Only on a second glance, users might grasp the importance of clear controlled vocabulary for this process. Often, there are terms which have a different meaning in different disciplines or even in different groups of people. If users start selecting their terminology used for the provided metadata from ontologies, this can balance tremendously for such unwanted effects and ensure that work invested by the user to describe the data is not lost and unambiguously usable for other users (humans or machines). Below, some suggestions for selecting appropriate terms from ontologies are provided. In ARCS the DataPLANT Swate tool can significantly support with this task by providing access to a broad set of ontologies from which users can select similar as e.g. Ontobee or the annotator tool as suggested below.

Workflow session

First connections of REMBI with ARC and OMERO.

REMBI_image

Results

When following the suggested tasks file

  • Get OMERO running on the institutional instance.

  • Which part of the dataset can we directly see inside OMERO, which not? Any ideas for support?

    • No directory structure
    • xml files need to be added as attachment
      • This is because any non-bioformats compatible file needs to be added as an attachment.
  • Try adhering to REMBI for the metadata.

    • Filling a REMBI template based on CAi experience (@VAFuchs, @Tom-TBT) for the imaging ARC created by CEPLAS Data Science and Management (@andreaschrader).
    • Respective plant-specific metadata including the meta data used in ARC and following the ISA model, has been selected before for the plant science ARC from ontologies using the DataPLANT Swate tool as well as the linked data server Ontobee as outlined here.
    • The CAi team at HHU Düsseldorf and the respective CAi procedure furthermore suggests the following resources when selecting for REMBI metadata: Selection rules for the right onotology, an annotator tool and the EMBL-EBI Ontology Lookup Service.
  • Which steps are necessary to achieve automatic import?
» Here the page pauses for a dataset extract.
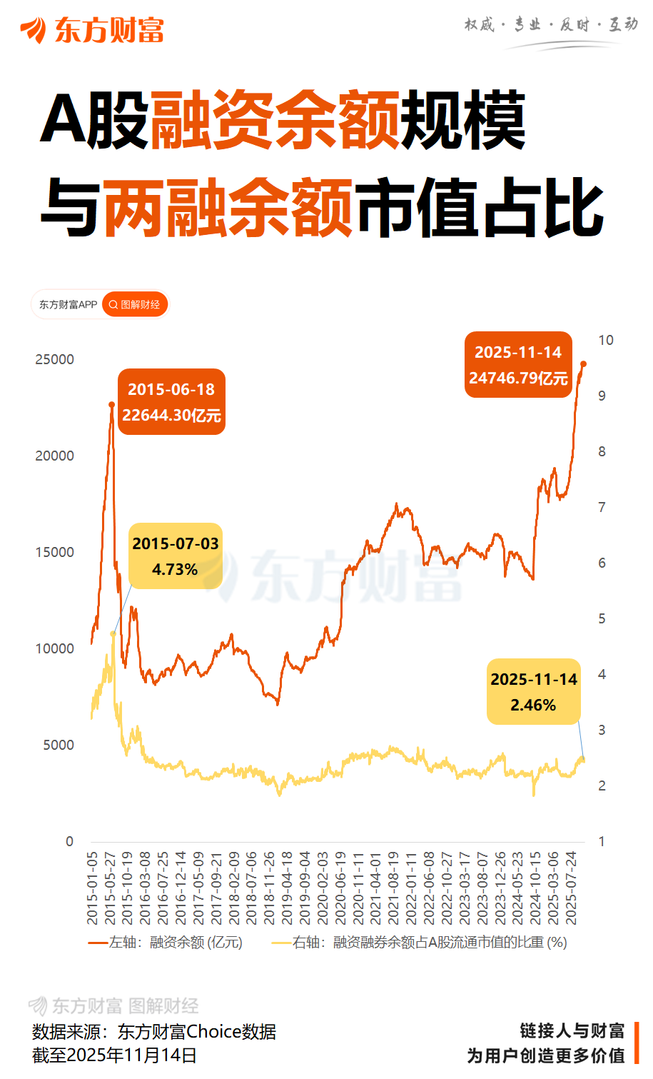 数据显示,下半年以来 (7 月 1 日以来,下同),A 股融资余额不断攀升,10 月 29 日创下历史新高 24885.78 亿元。融资余额最新值为 24746.99 亿元 (截至 11 月 14 日),处于近 15 年高位。相较上半年末的 18381.49 亿元增长 6365.5 亿元,增幅 34.63%。

    • Outline strategies for mapping of microscopy related metadata (including REMBI aligned metadata) between ARC and OMERO.

Questions

  • Should REMBI go into an ARC?
  • Can we map ARC metadata to a REMBI template?
  • Can we cherrypick the metadata of the ARC to extract the REMBI aligned metadata?
  • Find out which metadata is required when submitting to an imaging repository that expect users to use REMBI?

Progress

  • Everyone got more acquainted with the concepts and tools

    • guidance for OMERO, learned about REMBI template used @CAi, navigated in an ARC, explored possibilities in Swate and discussed about the use of templates and appropriate ontology.
    • Still some installations are required.
  • Started documentation of the current state of the art and the steps done for this topic at the Cologne Hackathon.

  • Collected possible issues for OMERO-ARC users:

    • How to import images/stacks in OMERO
    • Organization of data in OMERO (project/dataset compared to tags vs. key-value-pairs) for easier mapping to and from ARC.
  • related to the omero-arc-exporter: How to handle "tags" in OMERO -> selection of metadata (subsets) for an ARC

  • Possible combination of workflows and runs triggered from an ARC with OMERO and tools consuming input data from OMERO, retrieving output data and exporting this again into an ARC. Does this make sense?

Started bringing a dataset from the example ARC into OMERO.

The final report at the last day of the hackathon for the REMBI-Mapping topic can be found here.

Outlook

  • Using @Tom-TBT's "Import KV from csv" in OMERO to import the key-value pairs from csv files extracted from an ARC-style isa.investigation.xlsx with @pzentis's isaToKVP script script

  • Go the reverse way, i.e. do all above steps for export out of OMERO into structure

Continue in particular with the REMBI - ARC mapping initiative towards RDM-compliant bioimaging metadata in ARCs as part of the OMERO-ARC project at the upcoming de.NBI hackathon in Bielfeld. Work in this group was also preparatory work for this upcoming hackathon.

Moreover, focus on technical implementations enabling OMERO-ARC interoperability of RDM-compliant metadata.